Cousin Jai took us on a tour of Guimaras last Tuesday. Guimaras lies just off the coast of Iloilo City. Jai knows the island well, as he has bicycled the circumferential road several times – a day long ride of 75 miles.

We began at a café / gallery where we saw an art exhibit. Iloilo has a lively arts scene.

A church devoted to San Isidro Labrador sits in Navalas, on the northern end of Guimaras. We entered the grounds through this archway.

The church is built of coral blocks. It looks old but is not. A local patron funded its construction between 1880 and 1885, not long before the Philippine Revolution and Spain’s defeat in the Spanish-American War in 1898.

An altar to San Isidro Labrador tells the story of a farmer born around 1070 near Madrid who worked as a young man for a wealthy landowner.
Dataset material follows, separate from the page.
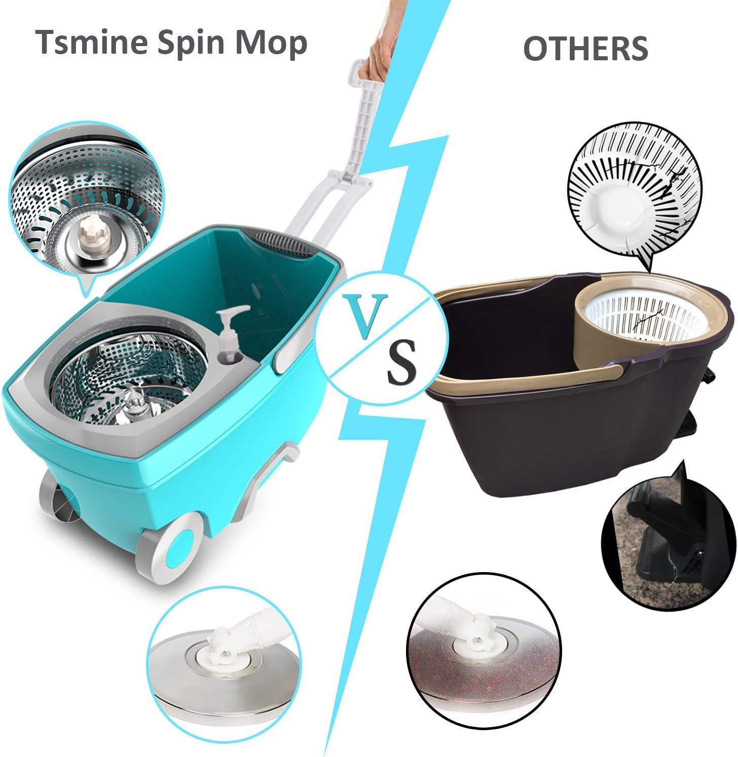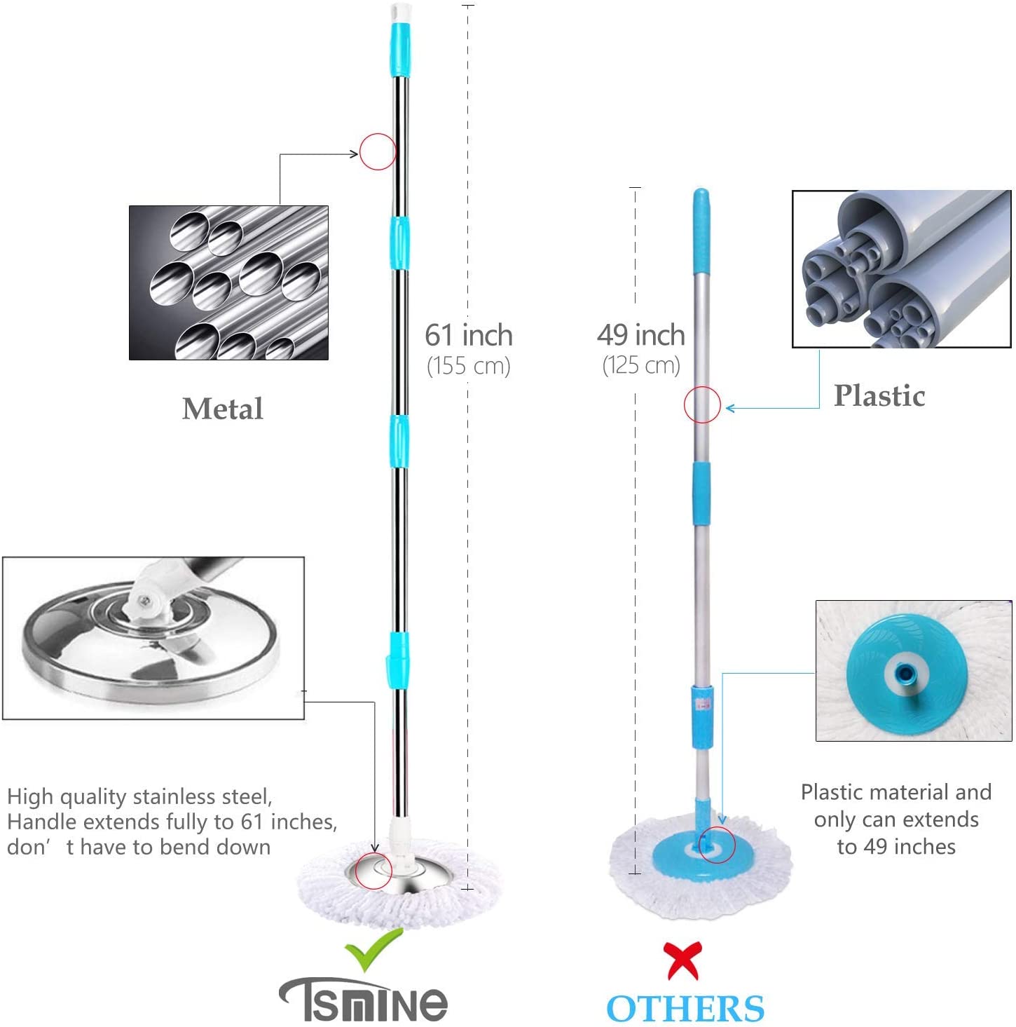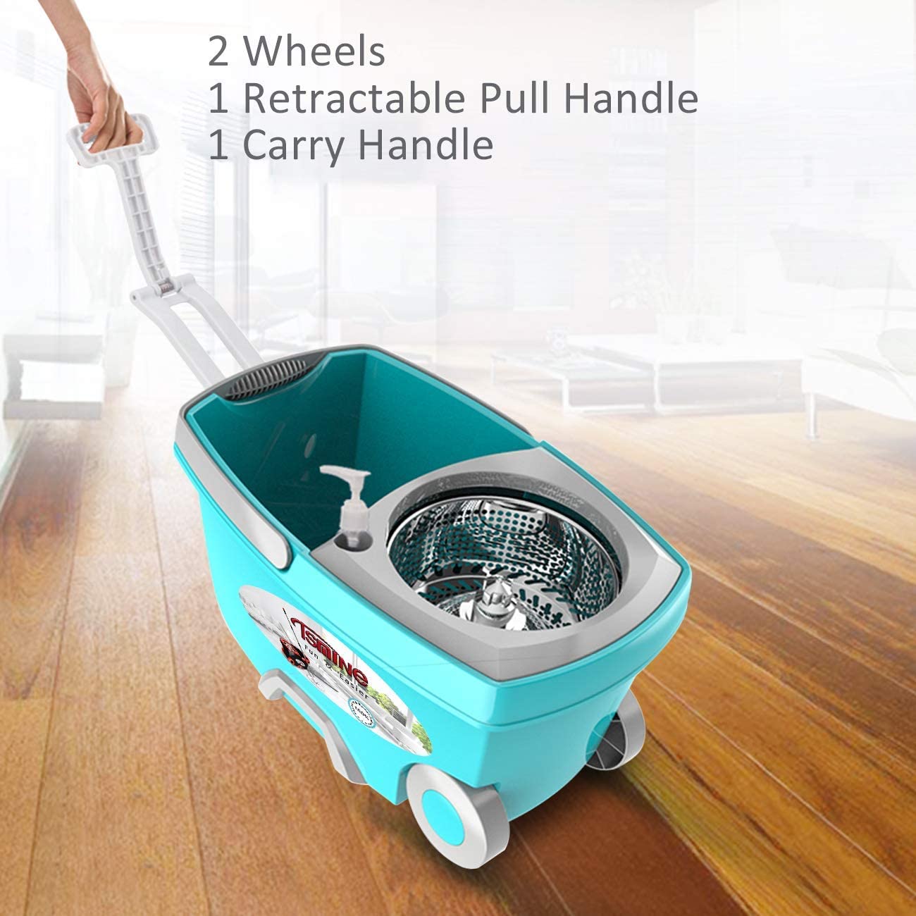 Tsmine Spin Mop Bucket System Stainless Steel Deluxe 360 Spinning Mop Bucket Floor Cleaning System with 6 Microfiber Replacement Head Refills.61″Extended Handle. 2x Wheel for Home Cleaning - MINT

Isidro was habitually late to work because he went to church every morning to pray. Yet he still managed to get the fields ploughed.

An angel was observed guiding the plow. This is one of the miracles that led to his canonization in 1622. We know his name in North America from Labrador in Canada!

San Isidro holds a wooden spade. Someone made off with the original, the sexton told us, and though they knew who the someone was, they never found the spade, so a new one was made. Isidro wears a local fiber bag around his neck.

Near by, Roca Encantada (Enchanted Rock) stands on a rocky promontory. It was built in 1910 as a gift from Señor Lopez to his wife Doña Presentacion Hofileña Lopez: a local Taj Mahal.

The house is not open for visitors, but the terraces are.

We look out over the sea to the islands named Siete Pecados or Seven Sins: the reincarnation of seven sisters who disobeyed their father’s command and drowned at sea. An interesting parallel to the Pleiades or Seven Sisters, who also have many stories told about them!

Jai took us next to a wind farm in the interior of Guimaras. Perhaps fifty towers and turbines generate power that is sold to the grid.

At a distance, I didn’t appreciate the size of the towers. If you look carefully, you can see Lina just to the right of the tower, her head above the hills on the horizon.

Two boys walk home under the whooshing of the turbines.

Our last stop – a fruit stand where Guimaras’s fabled mangoes are displayed. Guimaras claims the best mangoes in the Philippines (and perhaps the world?). Its Mango Festival attracts visitors from afar for two weeks in May.